I have this little dream. It’s a romantic dream, just for my wife. It goes like this.
She spends a fun morning with her daughters, but when she comes home, there is a bit of a surprise.
An unfamiliar car is in the driveway. See, I’ve rented a nice SUV. The back gate is open, and the rig is loaded to the gills with suitcases. Her suitcases and my suitcases. Everything is packed for a trip, including books she is currently reading. (I got a packing list from her months before.)
She smiles and says, “What do you think you’re doing?”
“Are you ready?” I say.
“Where are we going?” she asks.
“You’ll find out,” I say. “By the time you change, we’ll be ready to go.”
“You’re in trouble,” she says, but she likes surprises. I know that for sure.
Soon, we are on our way to the airport. She keeps quizzing me, but I offer no clues, only that we will be traveling by air for the first leg of our journey, and that we will gone longer than a week.
On the drive north to the airport, I offer her chocolate covered almonds. She likes those. In the CD player is all the hit singles from 1979, the year we got married. We sing the oldies, slightly off key, and hold hands.
We get to the airport. It is there she discovers we are flying to London. It will be a long flight, but we are in the First Class section, and our seats recline. We watch “Sabrina,” but we aren’t on the Concord. We watch “Letters to Juliet.” “Enchanted April,” “Pride and Prejudice,” all these movies we like to watch together. We laugh.
She asks me what we’ll do in London, and all I say is, “You’ll see.” She doesn’t like that but she does. She makes her fun little idle threats but I do not acquiesce.
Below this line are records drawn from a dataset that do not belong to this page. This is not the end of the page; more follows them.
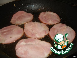 Ломтики ветчины также обжарить на масле.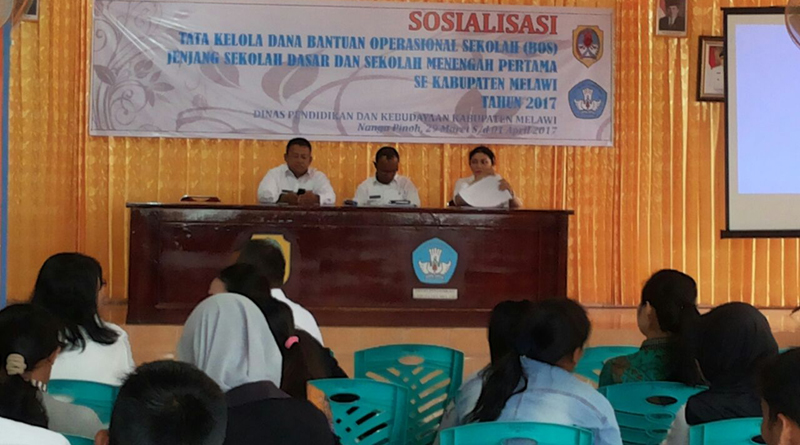 MELAWI, SKR.COM – Disdik Sosialisasikan tata kelola penggunaan dana Biaya Operasional Sekolah (BOS)SD dan SMP tahun 2017, Rabu (29/3) di ruang rapat Dinas pendidikan dan Kebudayaan (Disdikbud) Melawi. Kegiatan tersebut dihadiri seluruh kepala sekolah SMP dan SD se Kabupaten Melawi.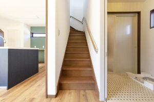 ・玄関入って2Fに行くのに、リビングを通らないといけない所は、家族が顔を合わせる空間として良いと思いました。
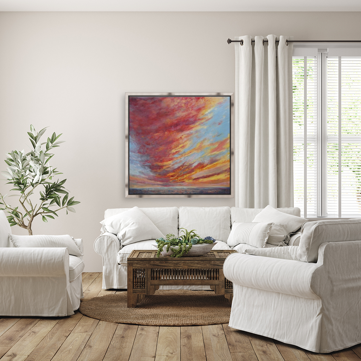 WALKING UNDER SUNSET SKY original skyscape painting Wall Decor Frame
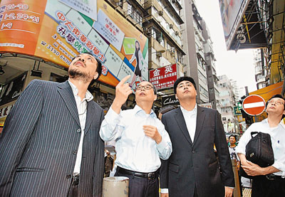 六月九日,腐蚀性液体伤人事件发生后,香港警方继续对旺角奶路臣街与西洋菜南街交界处的几栋嫌疑楼房进行布控,进一步排查疑点,大批香港媒体亦在现场跟踪报道。 中新社发 郑祚声 摄

We take a taxi from Gatwick to Southend-on-Sea where we board a luxury cruise liner and, from our balconied suite, we see the British Isles, including ports in Wales, Ireland, and Scotland. We eat and resolve regrets and talk about everything under the sun and read books—I finally finish Les Miserables—and check our email only twice a day. And swim and talk and be together and forget for a time the enormous trials strewn behind us.
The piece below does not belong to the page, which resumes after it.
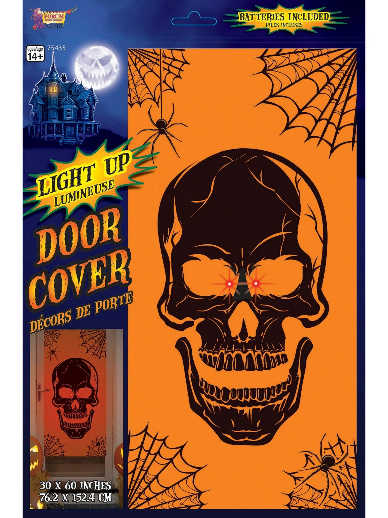 Decorating your house for Halloween this year? Then don’t forget to pick up our Skull Light Up Door Cover! With your purchase, you will receive a fun and spooky orange door cover featuring the print of a giant black skull as well as black spiderwebs and spiders in every corner. With its special light up design, you don’t want to miss out on this one. Buy your skull door cover today, and then scan our site for the rest of your Halloween decorations and props!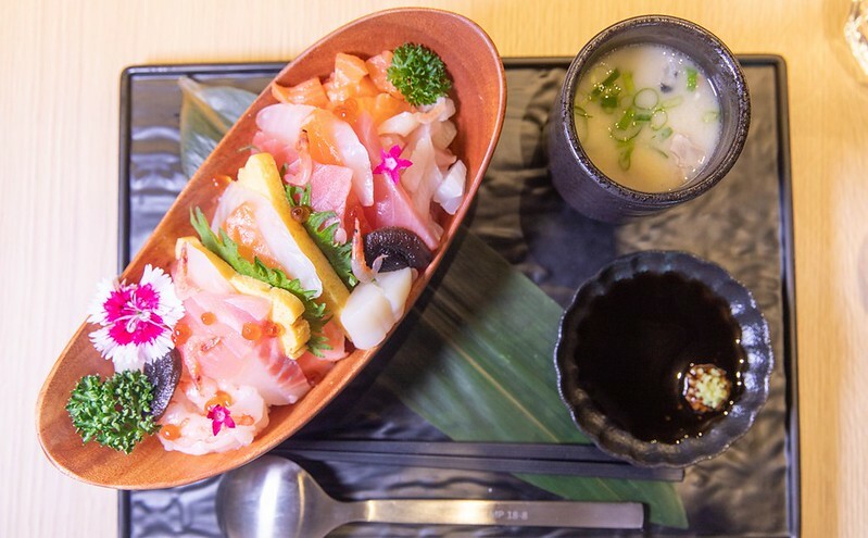 海鮮鮨味珠寶盒,滿滿的海鮮船,像是散壽司的組合又排列整齊,數種東海岸紅白魚、蝦子、鮭魚卵還附一杯加入酒粕的味噌湯,特別一是的是醬油用的是自家品牌的探索魚淬高湯醬油。

We read the scriptures together and talk about what they mean. We think of the children and talk about them and our hopes for them. We write in our journals and dream and meet new friends at the dinner table and they laugh when we tell them we are from Utah. We smile and give them all their very own copy of the Book of Mormon.
We come home two weeks later, and our trials are lighter because we have the best thing in life—each other.